What to do:
Please return each entry that follows exactly as given, but without pictures.
*** Opening of Data provided ***
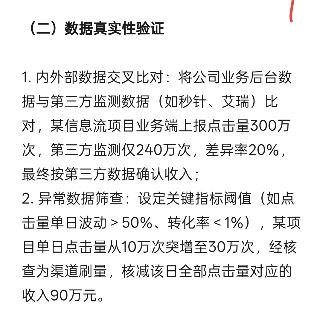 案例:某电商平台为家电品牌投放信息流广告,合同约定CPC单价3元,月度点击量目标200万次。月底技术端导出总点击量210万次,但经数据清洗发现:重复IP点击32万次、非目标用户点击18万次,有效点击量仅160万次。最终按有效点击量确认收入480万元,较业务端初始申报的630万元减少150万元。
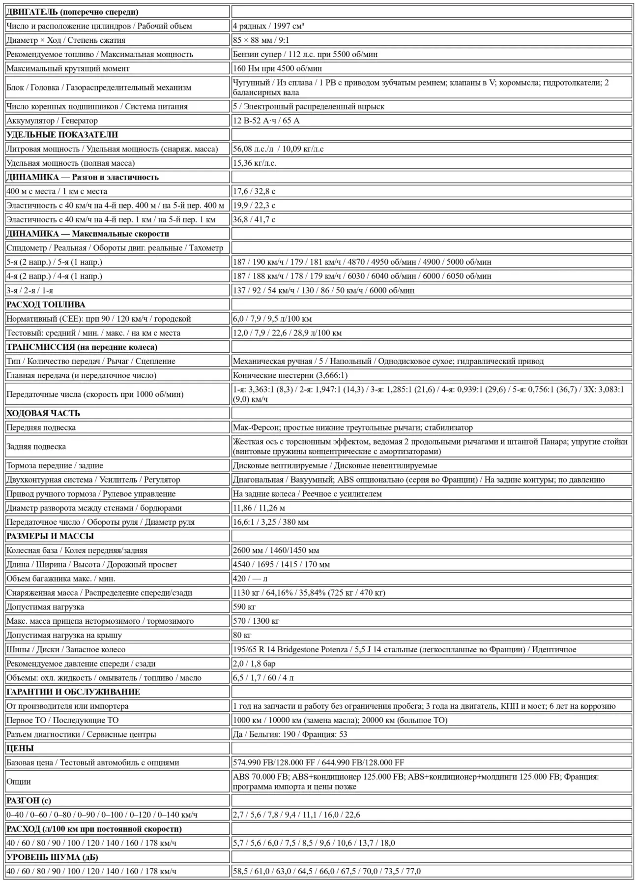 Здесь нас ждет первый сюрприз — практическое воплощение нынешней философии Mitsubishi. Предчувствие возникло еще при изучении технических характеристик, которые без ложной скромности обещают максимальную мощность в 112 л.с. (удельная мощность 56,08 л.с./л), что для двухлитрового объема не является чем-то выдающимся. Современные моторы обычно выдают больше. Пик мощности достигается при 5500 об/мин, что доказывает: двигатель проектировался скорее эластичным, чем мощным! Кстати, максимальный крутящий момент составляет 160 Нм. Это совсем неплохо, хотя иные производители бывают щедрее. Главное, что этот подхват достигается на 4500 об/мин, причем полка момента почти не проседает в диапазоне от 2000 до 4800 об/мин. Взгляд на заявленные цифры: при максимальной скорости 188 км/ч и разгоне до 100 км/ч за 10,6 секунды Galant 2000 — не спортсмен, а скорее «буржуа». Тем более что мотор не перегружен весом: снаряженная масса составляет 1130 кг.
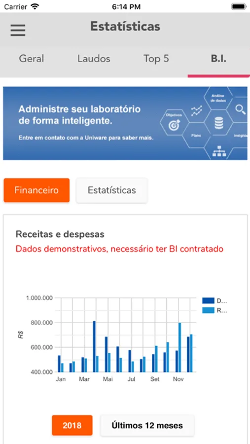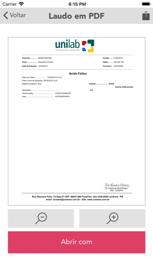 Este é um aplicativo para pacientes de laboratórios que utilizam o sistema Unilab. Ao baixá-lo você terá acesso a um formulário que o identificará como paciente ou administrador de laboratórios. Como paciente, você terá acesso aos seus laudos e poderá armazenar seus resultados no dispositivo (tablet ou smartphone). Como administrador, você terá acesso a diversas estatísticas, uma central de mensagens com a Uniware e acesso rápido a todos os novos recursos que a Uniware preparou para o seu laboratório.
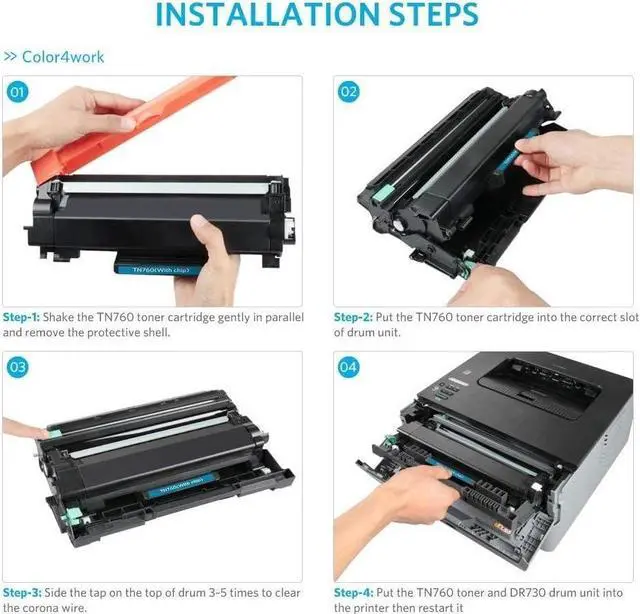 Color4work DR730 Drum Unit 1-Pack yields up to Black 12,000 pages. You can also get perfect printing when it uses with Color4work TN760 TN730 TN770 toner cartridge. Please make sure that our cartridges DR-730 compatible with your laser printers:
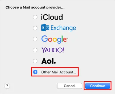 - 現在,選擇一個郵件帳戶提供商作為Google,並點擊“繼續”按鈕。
*** Close of Data provided ***
Reply:
 案例:某电商平台为家电品牌投放信息流广告,合同约定CPC单价3元,月度点击量目标200万次。月底技术端导出总点击量210万次,但经数据清洗发现:重复IP点击32万次、非目标用户点击18万次,有效点击量仅160万次。最终按有效点击量确认收入480万元,较业务端初始申报的630万元减少150万元。
 Здесь нас ждет первый сюрприз — практическое воплощение нынешней философии Mitsubishi. Предчувствие возникло еще при изучении технических характеристик, которые без ложной скромности обещают максимальную мощность в 112 л.с. (удельная мощность 56,08 л.с./л), что для двухлитрового объема не является чем-то выдающимся. Современные моторы обычно выдают больше. Пик мощности достигается при 5500 об/мин, что доказывает: двигатель проектировался скорее эластичным, чем мощным! Кстати, максимальный крутящий момент составляет 160 Нм. Это совсем неплохо, хотя иные производители бывают щедрее. Главное, что этот подхват достигается на 4500 об/мин, причем полка момента почти не проседает в диапазоне от 2000 до 4800 об/мин. Взгляд на заявленные цифры: при максимальной скорости 188 км/ч и разгоне до 100 км/ч за 10,6 секунды Galant 2000 — не спортсмен, а скорее «буржуа». Тем более что мотор не перегружен весом: снаряженная масса составляет 1130 кг.
 Este é um aplicativo para pacientes de laboratórios que utilizam o sistema Unilab. Ao baixá-lo você terá acesso a um formulário que o identificará como paciente ou administrador de laboratórios. Como paciente, você terá acesso aos seus laudos e poderá armazenar seus resultados no dispositivo (tablet ou smartphone). Como administrador, você terá acesso a diversas estatísticas, uma central de mensagens com a Uniware e acesso rápido a todos os novos recursos que a Uniware preparou para o seu laboratório.
 Color4work DR730 Drum Unit 1-Pack yields up to Black 12,000 pages. You can also get perfect printing when it uses with Color4work TN760 TN730 TN770 toner cartridge. Please make sure that our cartridges DR-730 compatible with your laser printers:
 - 現在,選擇一個郵件帳戶提供商作為Google,並點擊“繼續”按鈕。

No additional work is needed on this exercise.